Wenn es dunkel wird, zeigt FOUR eine andere Seite. In den Wohnungen geht Licht an. Hotelgäste treffen sich in den Bars. Auf der Dachterrasse des Kimpton werden Cocktails serviert. Hoch über den Straßen wird gegessen, gesprochen und gewohnt. Die Skyline bleibt nicht länger nur eine Kulisse. Sie wird zum Lebensraum. Dabei ist das Quartier noch nicht vollständig angekommen. Einige gastronomische Angebote öffnen schrittweise. Im T2 laufen weitere Arbeiten, und das Radisson Collection Hothttp://Wirkung.Soel folgt 2027. Urbanität entsteht nicht mit dem letzten montierten Fassadenelement. Sie entwickelt sich mit den Menschen, die einen Ort täglich nutzen. Doch die Voraussetzungen sind außergewöhnlich. Der T1 steht für die neue Arbeitswelt. Der T2 verbindet Wohnen, Hotel, Einkauf und Fitness. Der T3 bietet private Rückzugsorte und elegante Hotelkultur. Der T4 schafft flexible Büroflächen in einem bereits funktionierenden Umfeld.

Zusammen sind die vier Türme mehr als die Summe ihrer einzelnen Nutzungen. Sie bilden eine kleine vertikale Nachbarschaft im Zentrum von Frankfurt.

Ein neues Wahrzeichen, das eindeutig zu Frankfurt gehört

FOUR Frankfurt ist groß, ohne schwer zu wirken. Das Ensemble ist auffällig, ohne die vertraute Skyline zu überdecken. Seine Türme passen sich nicht an, indem sie unsichtbar werden. Sie fügen sich ein, indem sie die Sprache der Stadt verstehen.

Die gestaffelten Höhen nehmen Rücksicht auf die vorhandene Silhouette. Die gedrehten Baukörper schaffen Abstand und wechselnde Perspektiven. Die geknickten Fassaden geben jedem Turm Individualität. Gleichzeitig sorgen wiederkehrende Linien, Materialien und Proportionen dafür, dass die vier Gebäude als architektonische Familie erkennbar bleiben.

Aus der Nähe entdeckt man die Präzision des Designs. Aus der Ferne erlebt man seine bestimmende Wirkung. So bekommt Frankfurt nicht einfach vier weitere Hochhäuser. Die Mainmetropole erhält ein Ensemble, das ihre Skyline neu ordnet, ihre Innenstadt öffnet und ihre urbane Eleganz weiterentwickelt.

FOUR Frankfurt ist selbstbewusst, international und modern. Vor allem aber ist es eines: unverkennbar Frankfurt am Main für den Start einer neuen Designzeit. Was unsere Redaktion bewegt...
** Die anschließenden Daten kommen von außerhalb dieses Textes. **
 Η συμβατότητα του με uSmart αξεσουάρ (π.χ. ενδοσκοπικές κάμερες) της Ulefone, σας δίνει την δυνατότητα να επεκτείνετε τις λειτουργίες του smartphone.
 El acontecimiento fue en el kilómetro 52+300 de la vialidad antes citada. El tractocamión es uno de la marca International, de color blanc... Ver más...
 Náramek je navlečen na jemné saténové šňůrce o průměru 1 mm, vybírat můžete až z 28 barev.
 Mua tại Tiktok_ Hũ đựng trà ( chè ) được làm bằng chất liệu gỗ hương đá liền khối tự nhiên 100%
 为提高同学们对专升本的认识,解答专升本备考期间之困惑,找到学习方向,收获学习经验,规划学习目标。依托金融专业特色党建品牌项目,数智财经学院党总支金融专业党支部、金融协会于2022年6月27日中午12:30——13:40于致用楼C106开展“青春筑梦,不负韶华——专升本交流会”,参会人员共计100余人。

Mit dem FOUR Frankfurt ist für unsere Stadt eine neue Zeit angebrochen. Das Ensemble setzt architektonische Maßstäbe und zeigt, wie vielfältig vier Hochhäuser genutzt werden können. Hier wird gearbeitet, gewohnt, übernachtet, eingekauft und das Leben genossen. Damit ist ein Ort entstanden, der Frankfurt nicht nur verändert, sondern der Stadt neue Möglichkeiten eröffnet.

Doch bei aller Begeisterung für Architektur, Design und technische Leistung dürfen wir eines nicht vergessen: Hinter jedem Stockwerk, jedem Fassadenelement und jeder Leitung stehen Menschen. Architekten, Ingenieure, Bauleiter, Kranführer, Betonbauer, Elektriker, Installateure, Fassadenbauer, Logistikteams und Lkw-Fahrer haben mit ihrem Können und ihrer Schaffenskraft dazu beigetragen, diese Vision Wirklichkeit werden zu lassen. Gerade die Fahrer sorgten dafür, dass Baumaterialien und Technik zuverlässig ihren Weg durch die enge Frankfurter Innenstadt bis zur Baustelle fanden.
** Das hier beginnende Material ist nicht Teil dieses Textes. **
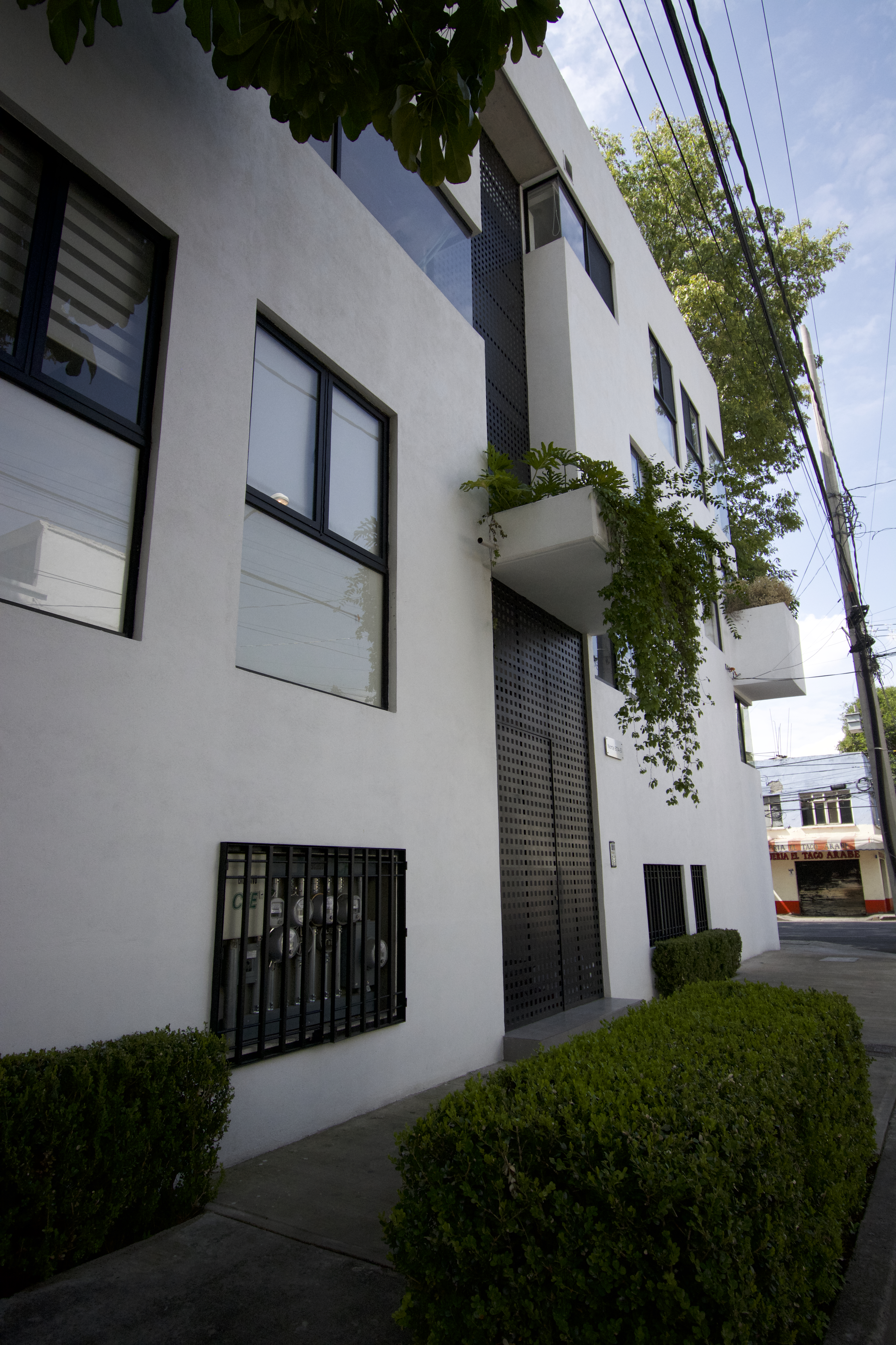 En un terreno de esquina de 336m2, se levanta un edificio de tres niveles sobre nivel banqueta, y un semisótano. Los seis departamentos estarán distribuidos en dos unidades por planta comunicados a través de un corredor con escalera.

Während der Entstehung des FOUR waren wir immer wieder mit der Kamera rund um das Areal unterwegs. Zwischen Bauzäunen, Kränen und den täglich weiterwachsenden Türmen kamen wir mit Menschen ins Gespräch, die hier arbeiteten. Sie erzählten uns von ihrer Arbeit, beantworteten unsere Fragen und ließen uns an der Entwicklung dieses außergewöhnlichen Projekts teilhaben. Diese Begegnungen haben das FOUR für uns persönlich gemacht.
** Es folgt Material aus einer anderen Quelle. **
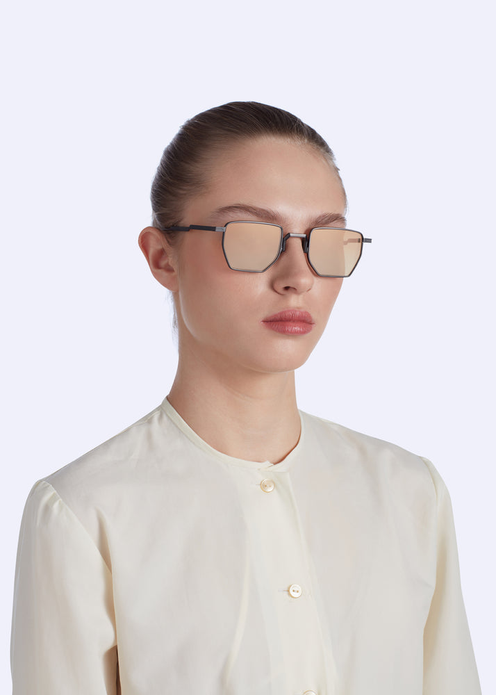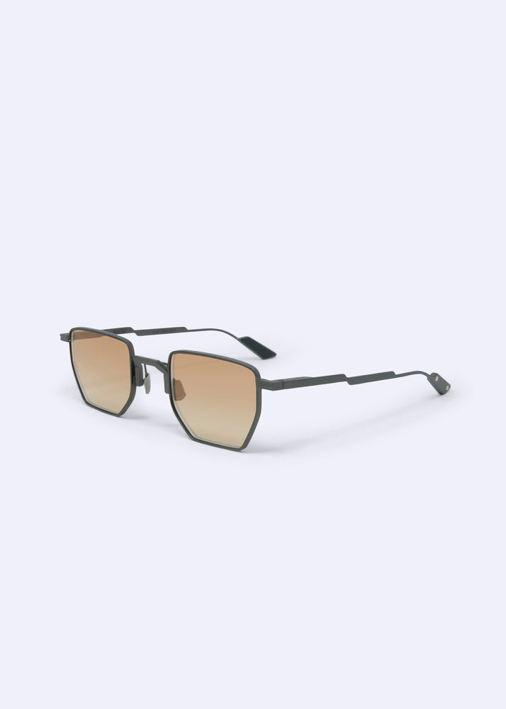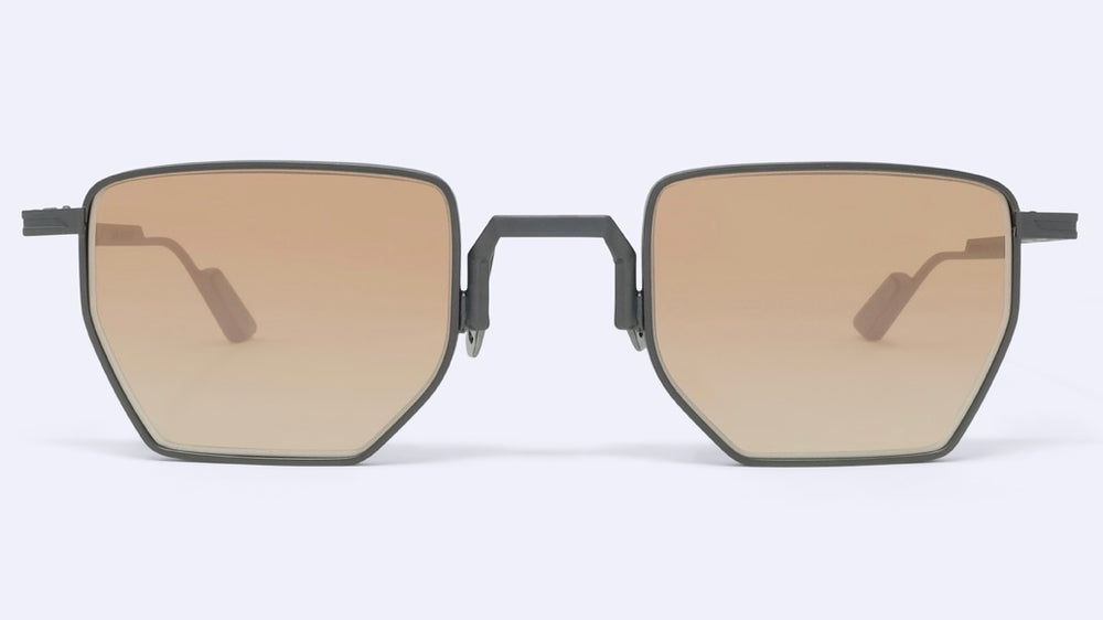 These sleek, modern sunglasses feature an unconventional geometric hexagonal shape with a minimalist metal frame design. The lenses have a stylish bronze-tinted gradient effect, complemented by the industrial-looking gunmetal grey frame. The angular design gives these sunglasses a distinctive avant-garde aesthetic while maintaining a sophisticated profile. The thin metal construction creates a lightweight, contemporary feel that would appeal to fashion-forward individuals looking for unique eyewear.

Deshalb gilt der Dank unserer Redaktion und auch mein ganz persönlicher Dank, Peter Breul, allen Beteiligten – den sichtbaren ebenso wie den vielen stillen Kräften im Hintergrund. Behandeln und bewahren wir diesen besonderen Ort mit Respekt. Denn in jedem Detail steckt die Arbeit eines Menschen.

An das gesamte Team: Ihr habt nicht nur vier Türme gebaut – ihr habt Frankfurt ein neues Stück Zukunft in die Skyline geschrieben.